Еще в исходе XVIII века Неглинный Верх обстроил свой фасад на сторону Кремля и Китай-города Петровским театром (будущим Большим; Петровка, № 1) и домом Благородного собрания (Охотный Ряд, № 2/1). Новые центры аристократической общественности обогатили содержание готового родиться мифа.

Благородное собрание было особенно необходимо мифу: новая иноземщина смесилась с русской патрицианской фрондой, за которую так не любила Москву Екатерина. В отсутствие палаты лордов зал Собрания — Колонный — становился центром мнений, а не только развлечений.

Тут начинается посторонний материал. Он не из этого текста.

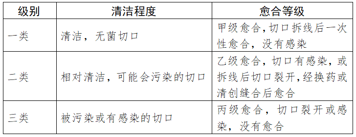 表1 切口清洁程度和愈合等级

Другой патрицианский центр, Английский клуб — по слову Пушкина, «народных заседаний проба», — часто переезжая, оставался в пределах Неглинного Верха: Страстной бульвар, № 15, затем № 6; наконец, Тверская улица, № 21 (недавно бывший Музей революции).

На Трубе, углом Петровского бульвара и Неглинной (№ 14/29), к услугам заседающих имелся ресторан «Эрмитаж» — совладение Люсьена Оливье, изобретателя салата. Миф Кузнецкого Моста вкуснее с этим человекомифом и с его рестораном. «Издавна в нем собирались (и доныне) дворяне после выборов и чествовали своих новых избранников», — свидетельствует предводитель московского дворянства, внук Параши Жемчуговой граф Сергей Дмитриевич Шереметев.

Не случайно в пределах Неглинного Верха помещаются и обе палаты современного парламента России (из которых нижняя — вплотную к дому Благородного собрания), и Московская дума.

Конечно же, французская колония держалась разных политических сторон, и роялизм у эмигрантов, тем более у беглецов от революции, бывал в обыкновении. Но общий вывод из сложения галантереи и костела с предпарламентом сделался странный. Сделался, собственно, миф.

Кузнецкий Мост есть сумма иноземного плебейства, республиканского и роялистского, с русским патрицианством.

Сама патрицианская республика не исключает роялизма. Тому свидетельство языческий Сенат или старушка Англия, что республиканское толковище совместимо и с монархией на противолежащем холме, и с монархизмом на собственном.

Верный знак этой совместимости — сделанный Дворянским собранием выбор архитектора: не в природе Казакова оформлять фронду. Дом Собрания остался политически нейтральным.

Современная Госдума и огромна, и развернута на Кремль, но и теперь что-то мешает фронде. Только ли заграждение гостиницы «Москва»?

Характерно еще, что поначалу для собраний московского дворянства предназначался тоже казаковский зал Сената, то есть зал внутри Кремля, известный как Екатерининский. В первом проектном варианте предполагался даже заседательский амфитеатр. В осуществленном варианте заседания еще возможны, но уже на Охотном уместней кулуарные беседы и, конечно, танцы.

Колонный зал репетирован у Казакова в архитектуре тронного зала Пречистенского дворца. За именем и образом Колонного слышится и видится коронный зал. При том, что сам Пречистенский дворец был в некотором роде антитезой ветхому Кремлю — арбатской, приватно-царской антитезой.

В Арбате и цари делались частными людьми. Кузнецкий Мост, наоборот, ходил с общественным лицом. Если фронда Арбата заострена против Кремля, то фронда Кузнецкого Моста бесформенна и безопасна.

В Арбате каждый — царь, царь на Кузнецком — все.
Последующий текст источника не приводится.